I would say that the past 48 hours or so has been an emotional rollercoaster for Liverpool fans, but really, it’s not materially different from the base experience of a Red. Yesterday, Liverpool hosted Chelsea in a game that they absolutely had to win if they were to have any hope of fending off Manchester City and winning their first league title in the Premier League era. They won that game 2-0, returning them (however briefly) to the top of the table and, for a time, banishing the ghosts of five years ago, in this very same fixture and in very similar circumstances.

But before that, the teams, and over 53,000 fans (including travelling Chelsea supporters) stood up and held a minute of silence to commemorate the 30th anniversary of the Hillsborough Disaster.

Liverpool are, obviously, not the only football club to have direct and long-lasting experience with tragedy and loss. But Hillsborough— and the subsequent cover-ups and investigations and campaign by the families to get the truth out— has become an indelible part of the club and everyone connected to it. You can’t separate it or compartmentalize it; being a Liverpool fan means screaming at the top of your lungs after Mohamed Salah’s goal against Chelsea, and also having your hands shake when you remember that ninety-six of us went to an FA Cup semifinal 30 years ago and never came back. They’re all bound up together, and us with it. Millions of Liverpool fans around the world, the vast majority of whom did not know the victims and do not know their families, who cannot possibly comprehend what the tragedy did to this city, are nonetheless charged with carrying part of that insurmountable grief with them, forever.

Liverpool are sometimes criticized for making Hillsborough such an essential element of the club’s identity. They are, again, not the only club to have dealt with tragedy and loss, and that perhaps making it central to their story is a bit, you know, unseemly. But I don’t think that’s right. Because in our own lives, we have such a hard time moving past grief. We never get over the loss of someone we loved, not really. We may carry on as before, we may try to get on with it as best as we can, but there will always be that hole in our hearts. Liverpool, I think, are unique in that they don’t try to pretend otherwise. There is no moving past Hillsborough. It’s just part of our lives now. Running away from it won’t do anything. So every year, every middle of April, we gather in one place and acknowledge the hole. Because what else are we supposed to do with it?

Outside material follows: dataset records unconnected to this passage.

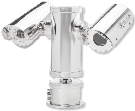
FireTIR system with double infrared camera
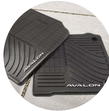
All-weather floor mats 3
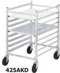
425AKD Shown with optional 18"x26" Bun Pans BP-1
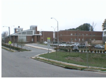
The entire school facility was renovated in 2000, and a new classroom wing and auditorium were added.
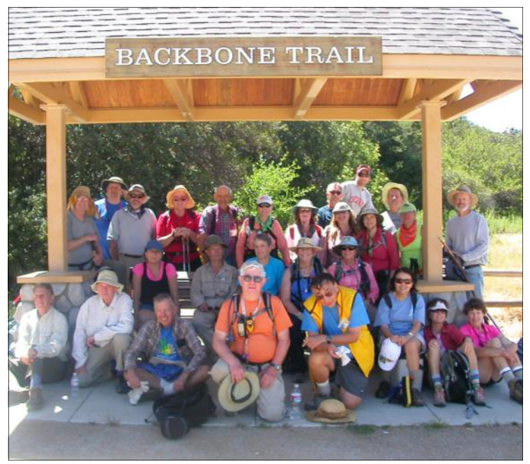
The 2011 Trekers paused at the Kanan Road trailhead.
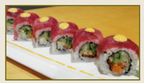
Spicy Crispy Tuna 🛾 🔠 11.95 Cucumber, fish roe, spicy mayo, and tempura flakes inside with tuna on top
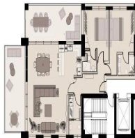
FLAT 304 | 2 BEDROOMS SIMPLEX
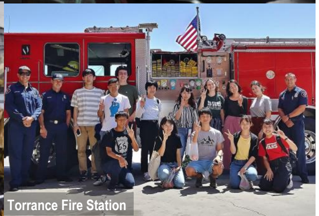
Torrance Fire Station
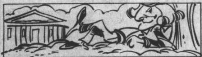
The first President to habitually wear long trousers was James Madison.

"Advice is like snow; the softer it falls, the longer it dwells upon, and the deeper it sinks into the mind." Samuel Taylor Coleridge
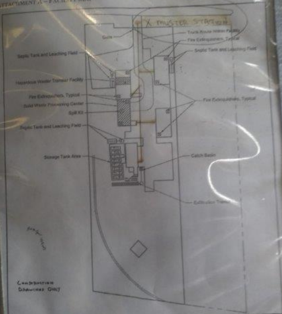
ATTACHMENT A - FACILITY MAP

BRANIFF USE: Braniff Environmental Services, Inc. PERMIT NUMBER: 316140-004-100 & 316140-005-50 EPA ID NUMBER: FL 9,000 (76 27) EXPIRATION DATE: August 12, 2023
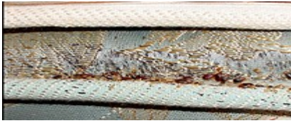
Bed bug Infestation
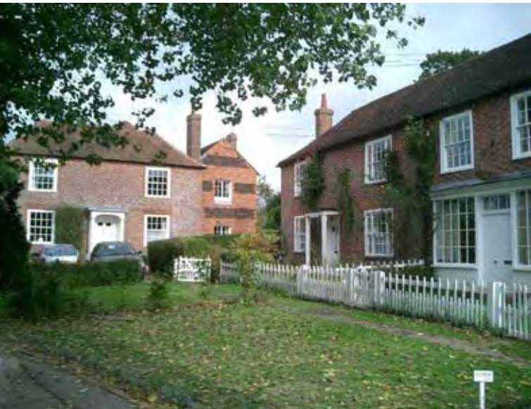
Village Centre - Old Village Green

Within the village, there are few open spaces apart from the central fields, the cricket pitch and Lowfield Green. Slinfold village (as defined by the Built-Up Area Boundary) is basically ‘fully developed’ and could not now take any further significant development without ruining it forever by building on those few remaining spaces that are part of what makes Slinfold what it is today.
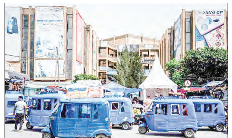
Rebels in Ethiopia's Tigray region have taken control of the regional capital Mekele.
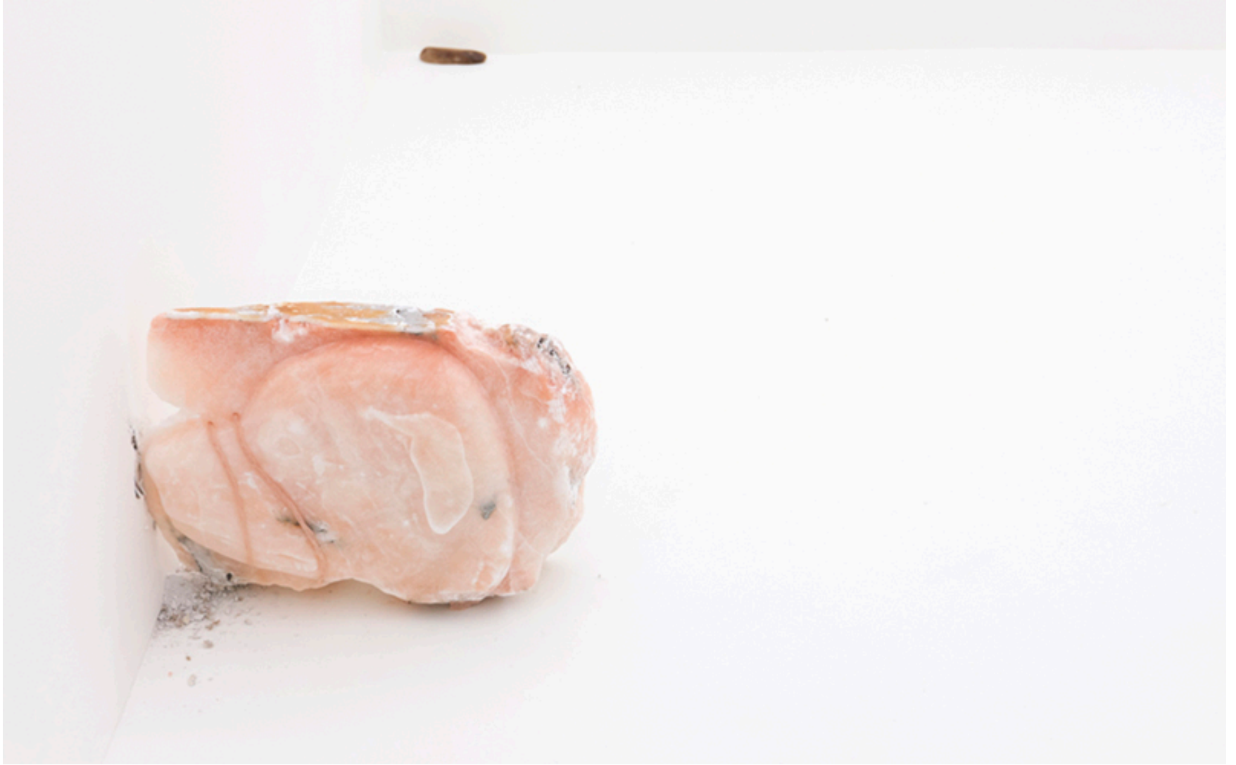
IS PATH WARM?, 2017 Installation view at Good Weather, Chicago
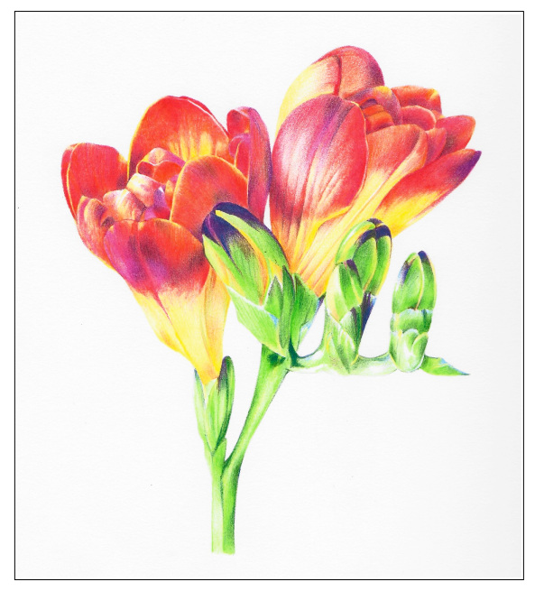
Use Prussian Blue to push the shadows even deeper on the tips of the buds and in the small folds on the stems with a sharp point and medium pressure.
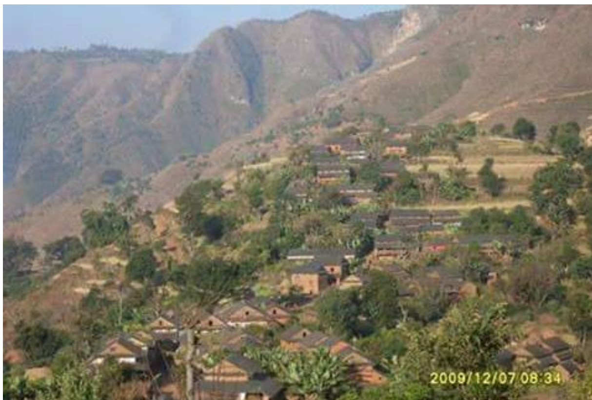
Figure 48: Pokhari Hatiya before Gorkha Earthquake

It’s a strange and difficult thing to admit how much grief shapes us. None of us ever want to admit the extent to which our lives are defined by tragedy. But they are. We mourn, every day. We mourn people we’ve lost, and we mourn people we used to be, and we mourn futures we could’ve had. There’s healing to be found, after a time, but so often being “healed” of grief means always carrying a dull ache and a noticeable scar. And that’s if you’re lucky. Grief can swallow you whole, if you’re not careful. If you let it. There’s no real use in denying the hold grief has over us. All we can do is acknowledge that, with honesty and kindness toward ourselves and patience for those who aren’t there yet.

And sometimes we can do all that together. All in one stadium. All pin-drop quiet.